Some Thoughts On SF, Nostalgia, Words

This past weekend I attended our local convention,  Archon.  It’s a St. Louis convention that’s not actually in St. Louis, for many reasons too convoluted to go into here, and this one was number 36.  Which means, with a couple of exceptions, I’ve been going to it for three decades.  (Our first con was Archon 6, which featured Stephen King as GoH, and thus was something of a media circus.  I met several writers, some whose work I knew and loved, others of whom I just then became acquainted—George R.R. Martin, Robin Bailey, Charles Grant, Joe Haldeman, Warren Norwood. Some have passed away, others are still working.)
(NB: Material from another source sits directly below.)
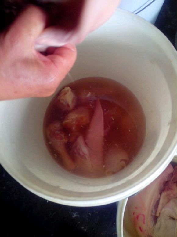 3、 楼主准备了两个猪耳朵,两个猪肚,五斤猪肉,三斤鸡爪,五斤鸡腿,三斤豆腐丝,四斤海带。
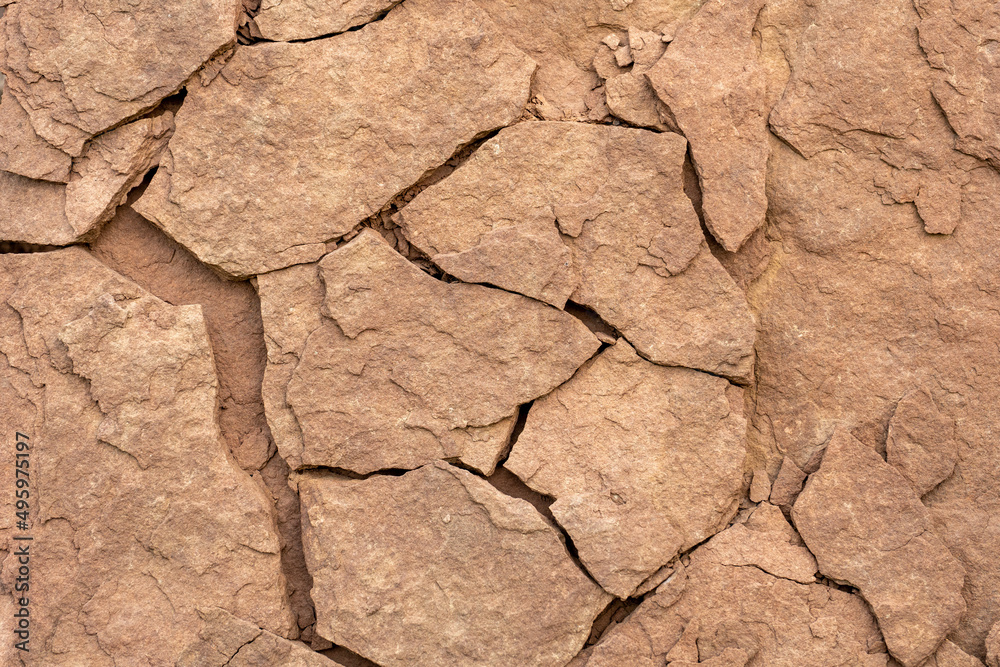 Sandstone with traces of plant fossils. Relic of ancient plants on sandstone slabs

I go now to meet up with friends of long acquaintance, in whose company we have spent relatively little actual face-time, but who by now have become touchstones in our lives.  It’s odd having people who feel so close that you see at most one weekend a year.  Granted, the internet has helped bridge those gaps, but it’s still a curious phenomenon, one which I kind of dealt with this weekend on at least one panel.

This year, the novel that seems to have garnered the most awards was Jo Walton’s Among Others. It won both the Nebula Award and the Hugo Award, both times beating out what I considered the best science fiction novel of perhaps the last decade, China Miéville’s Embassytown.  

Now, please don’t misunderstand—I thought Among Others was a marvelous novel.  I enjoyed it thoroughly, was, in fact, delighted by it, and certainly being delighted is one of the chief pleasures of reading.  I do not here intend any slight on the work.

But it took two awards that are supposed to honor the best science fiction of the year, and Among Others was barely fantasy.  (One of the things I admired about it was the line Walton danced around separating the fantasy from actual occurrence and simple perception on the part of the characters.)  It is in the long tradition of English boarding school stories, written as the diary of a girl who is somewhat isolated, who has run away from her mad mother (who may be a witch) after a tragic loss of her sister and a crippling accident.  Living with her father now, she is placed in a boarding school where her love of science fiction is one of her chief methods of coping. The novel then chronicles the succession of books she reads over a year or two, many of which were exactly the books I was reading then and loving.  It is in that sense an overview of a particular period in SF, one I found myself reliving with immense pleasure.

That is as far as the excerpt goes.